**Task goal**
Further down are entries; set down exactly and only the lines from the one with "BRITISH INDIA USED" up to and including the one with "Участок 30 сот", dropping each picture.

**Material to process**
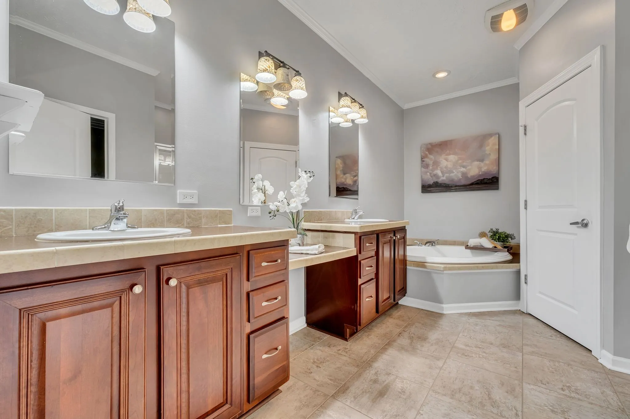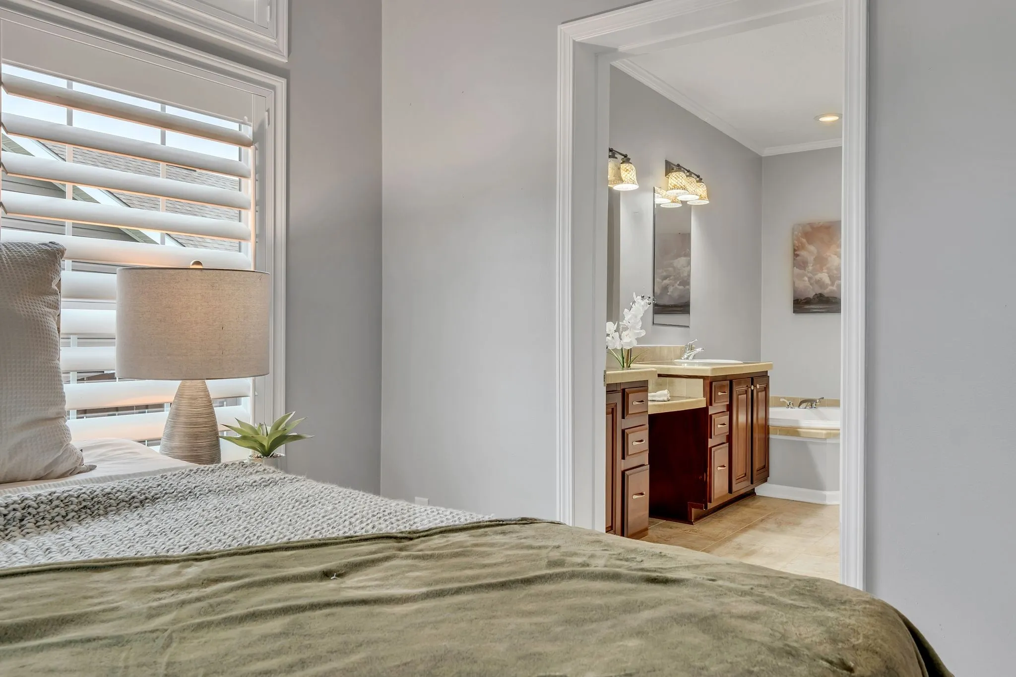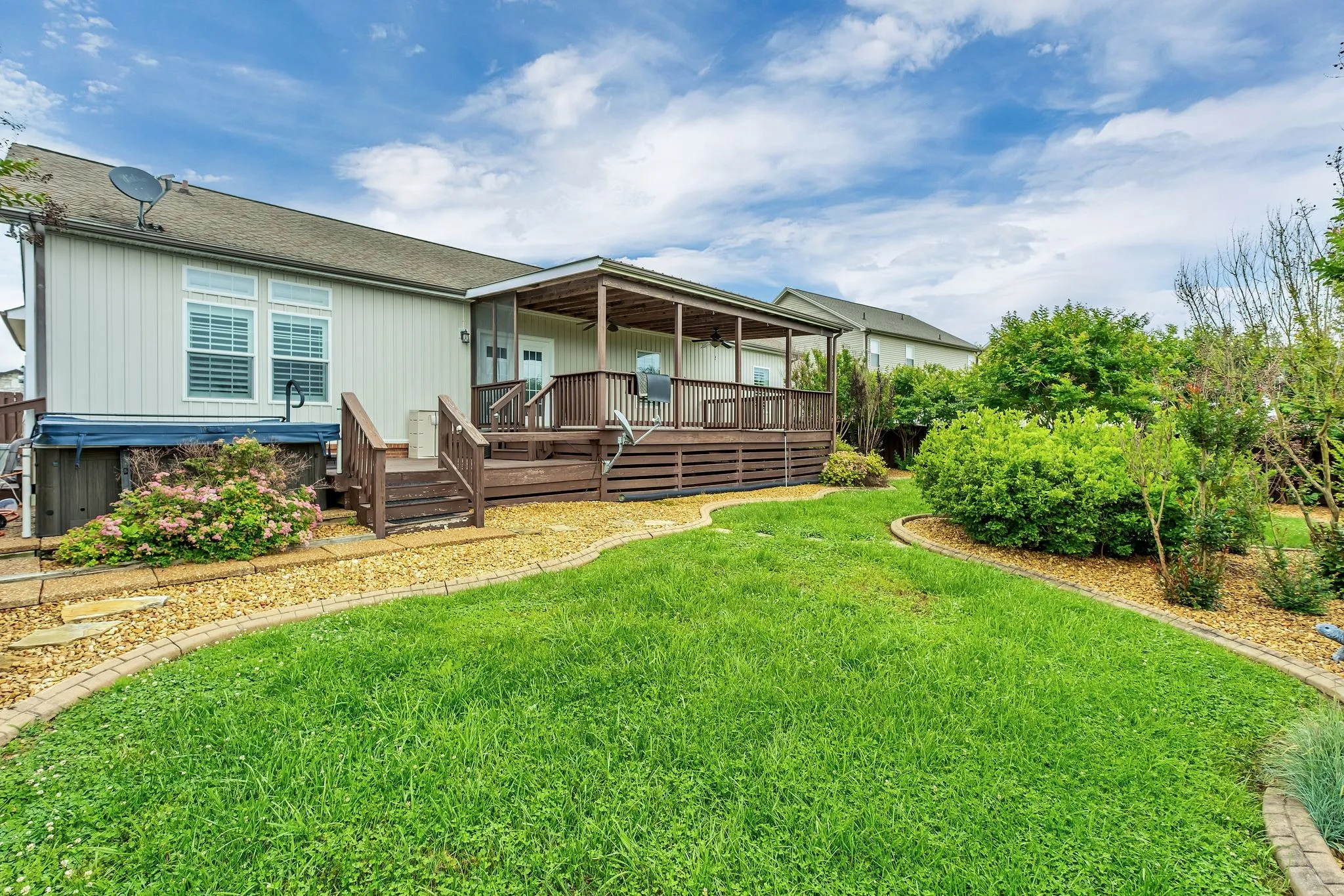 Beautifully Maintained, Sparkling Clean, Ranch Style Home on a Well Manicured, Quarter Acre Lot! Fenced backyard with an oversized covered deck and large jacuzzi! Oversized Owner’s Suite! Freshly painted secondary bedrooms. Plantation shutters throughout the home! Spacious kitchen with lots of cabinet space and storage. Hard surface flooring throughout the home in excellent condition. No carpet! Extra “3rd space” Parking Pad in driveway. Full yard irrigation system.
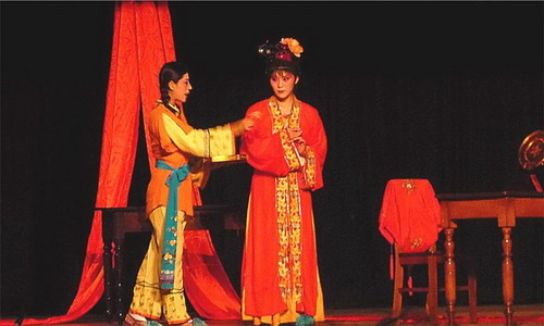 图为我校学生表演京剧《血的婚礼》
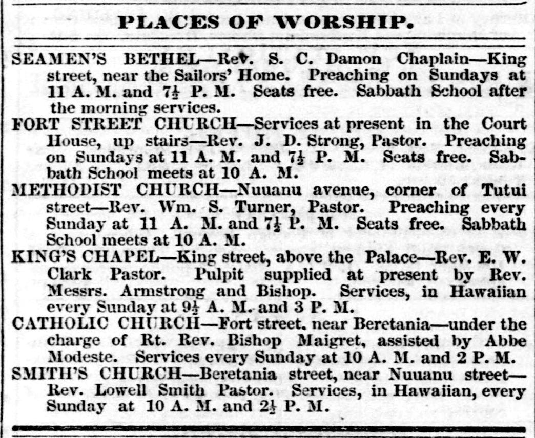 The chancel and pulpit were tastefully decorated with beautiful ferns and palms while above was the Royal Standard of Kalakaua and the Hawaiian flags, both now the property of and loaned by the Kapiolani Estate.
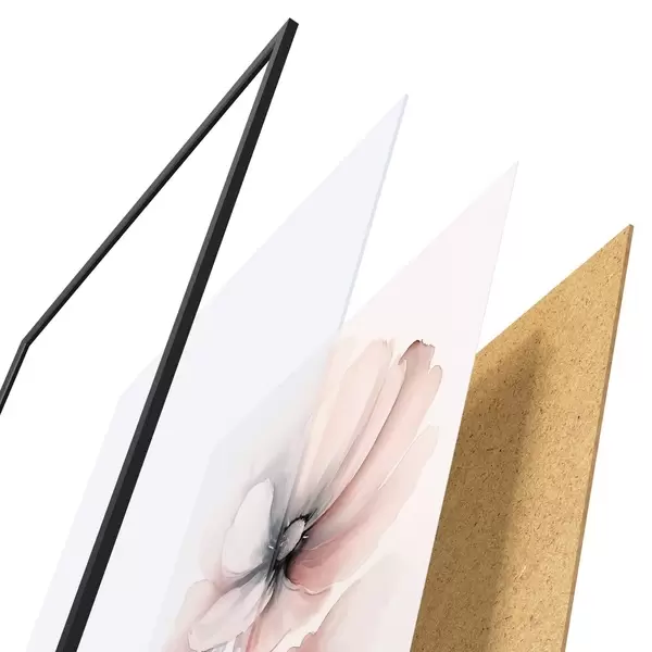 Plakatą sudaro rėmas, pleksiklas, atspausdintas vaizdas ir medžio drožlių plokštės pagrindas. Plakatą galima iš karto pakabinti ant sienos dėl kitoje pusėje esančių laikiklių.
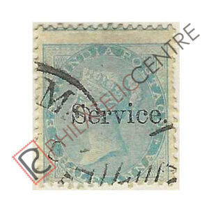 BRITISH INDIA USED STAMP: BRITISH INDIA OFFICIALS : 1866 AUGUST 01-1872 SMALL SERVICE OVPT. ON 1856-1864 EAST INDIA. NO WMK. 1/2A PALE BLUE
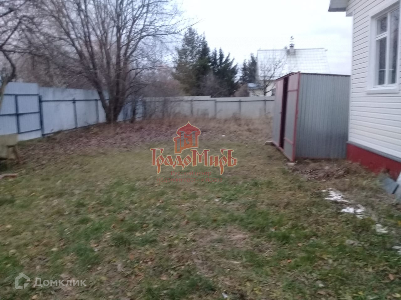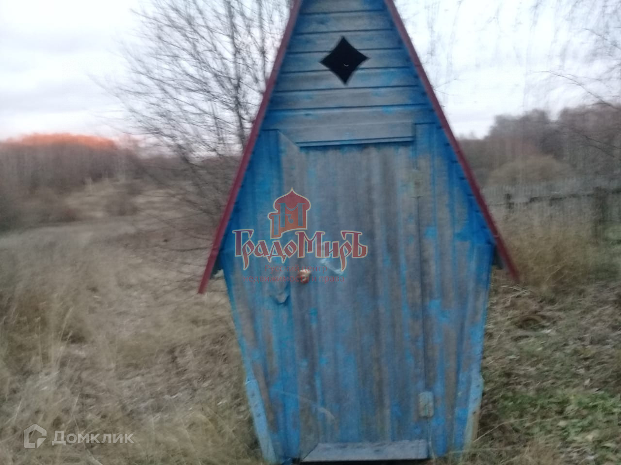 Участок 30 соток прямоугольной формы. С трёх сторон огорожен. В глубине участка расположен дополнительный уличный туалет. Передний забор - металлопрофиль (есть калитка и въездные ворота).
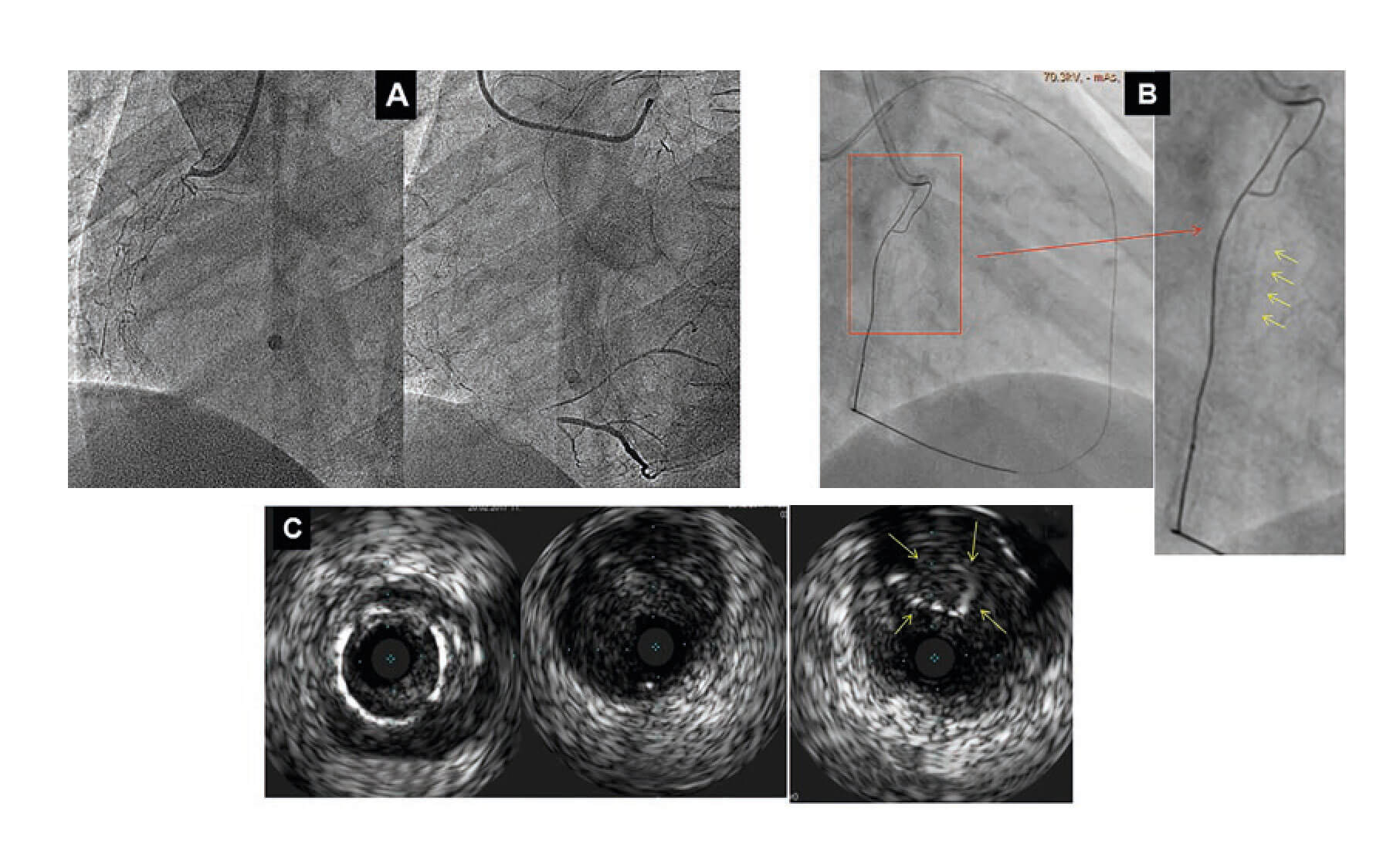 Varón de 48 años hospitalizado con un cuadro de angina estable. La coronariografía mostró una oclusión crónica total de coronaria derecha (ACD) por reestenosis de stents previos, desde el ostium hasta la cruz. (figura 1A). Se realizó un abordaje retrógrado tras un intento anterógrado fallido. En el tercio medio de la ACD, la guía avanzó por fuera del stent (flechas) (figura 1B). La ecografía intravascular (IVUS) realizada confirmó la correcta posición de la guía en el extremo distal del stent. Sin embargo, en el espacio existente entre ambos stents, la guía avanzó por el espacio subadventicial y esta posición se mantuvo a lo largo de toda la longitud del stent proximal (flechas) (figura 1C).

**Written reply**
 BRITISH INDIA USED STAMP: BRITISH INDIA OFFICIALS : 1866 AUGUST 01-1872 SMALL SERVICE OVPT. ON 1856-1864 EAST INDIA. NO WMK. 1/2A PALE BLUE
 Участок 30 соток прямоугольной формы. С трёх сторон огорожен. В глубине участка расположен дополнительный уличный туалет. Передний забор - металлопрофиль (есть калитка и въездные ворота).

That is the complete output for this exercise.